## [PROBLEM DETAILS]
Note the line containing "Before the conversation"; from it through the last line below, give only those lines again, exactly, both ends included, skipping pictures.

## [INPUT DATA]
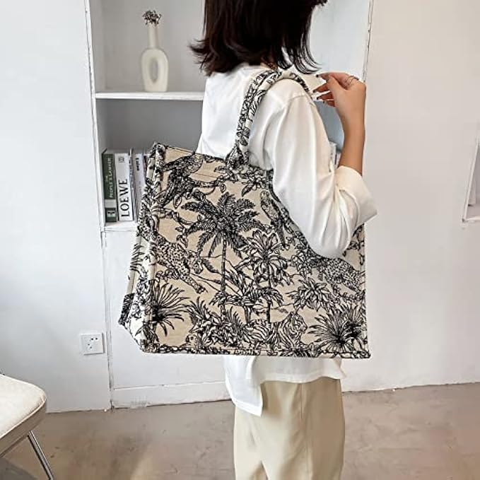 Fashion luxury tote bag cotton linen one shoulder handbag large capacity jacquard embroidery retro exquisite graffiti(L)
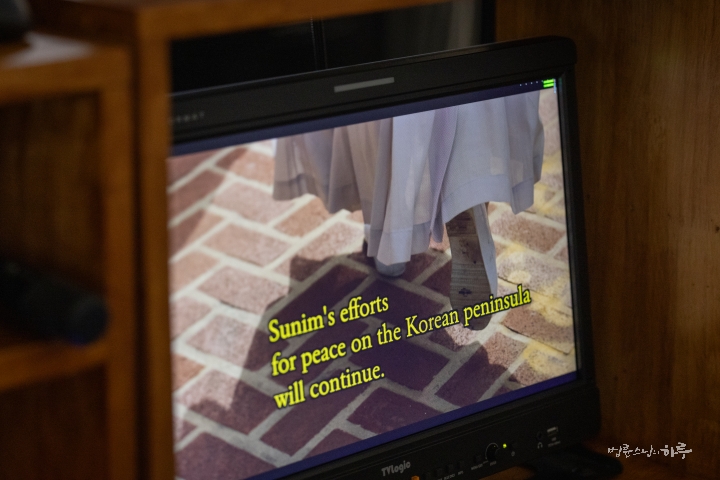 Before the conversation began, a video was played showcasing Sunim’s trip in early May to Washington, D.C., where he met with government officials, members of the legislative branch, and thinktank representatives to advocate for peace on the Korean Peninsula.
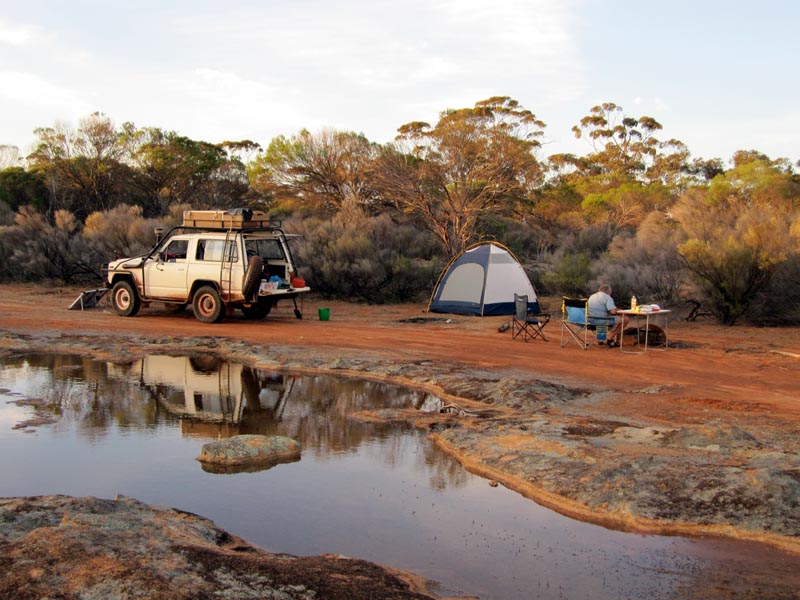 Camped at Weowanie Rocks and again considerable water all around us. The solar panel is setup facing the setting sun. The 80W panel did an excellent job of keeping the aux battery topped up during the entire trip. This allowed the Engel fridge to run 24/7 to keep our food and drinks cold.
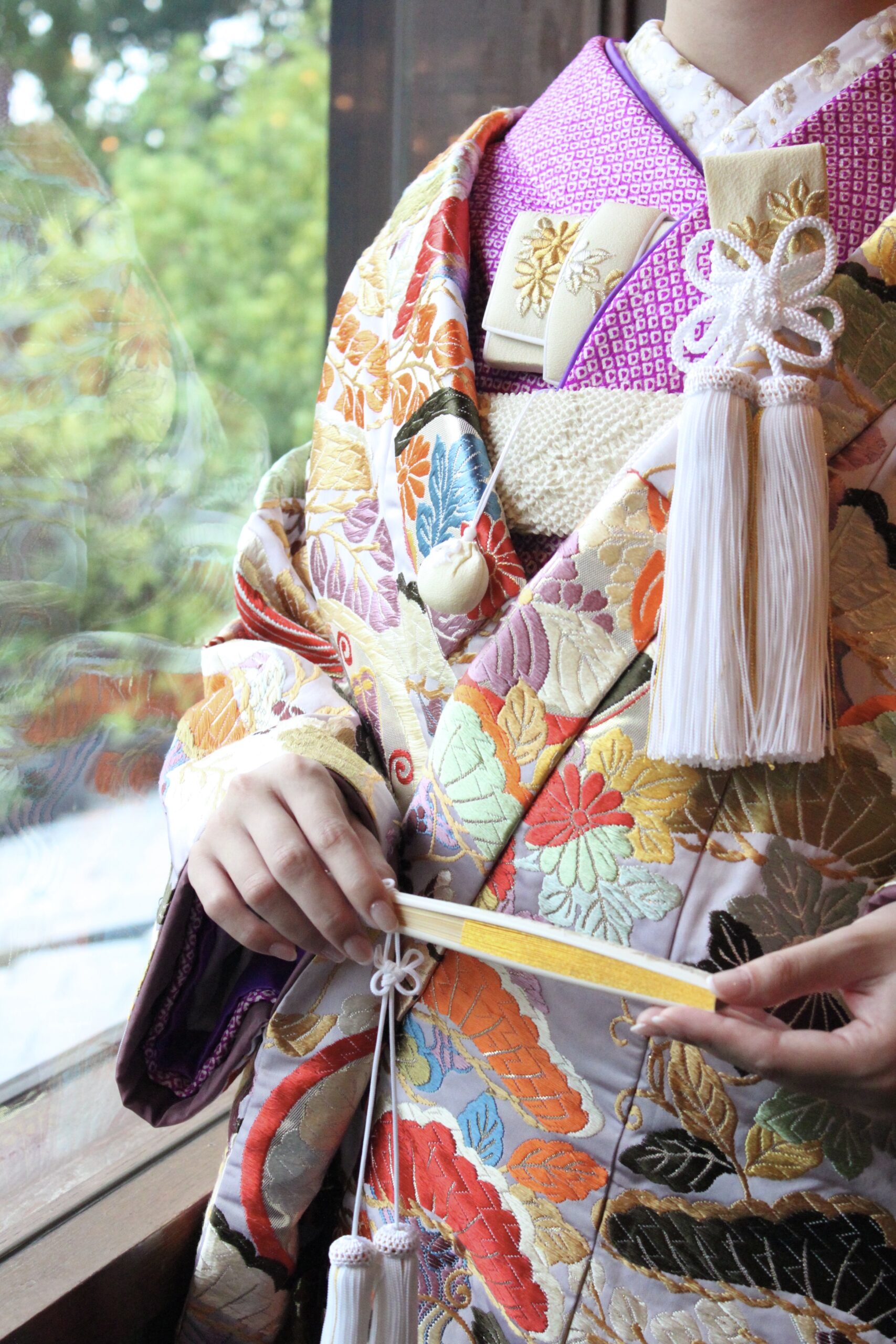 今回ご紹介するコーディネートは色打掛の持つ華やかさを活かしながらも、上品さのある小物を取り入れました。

## [WORKED SOLUTION]
 Before the conversation began, a video was played showcasing Sunim’s trip in early May to Washington, D.C., where he met with government officials, members of the legislative branch, and thinktank representatives to advocate for peace on the Korean Peninsula.
 Camped at Weowanie Rocks and again considerable water all around us. The solar panel is setup facing the setting sun. The 80W panel did an excellent job of keeping the aux battery topped up during the entire trip. This allowed the Engel fridge to run 24/7 to keep our food and drinks cold.
 今回ご紹介するコーディネートは色打掛の持つ華やかさを活かしながらも、上品さのある小物を取り入れました。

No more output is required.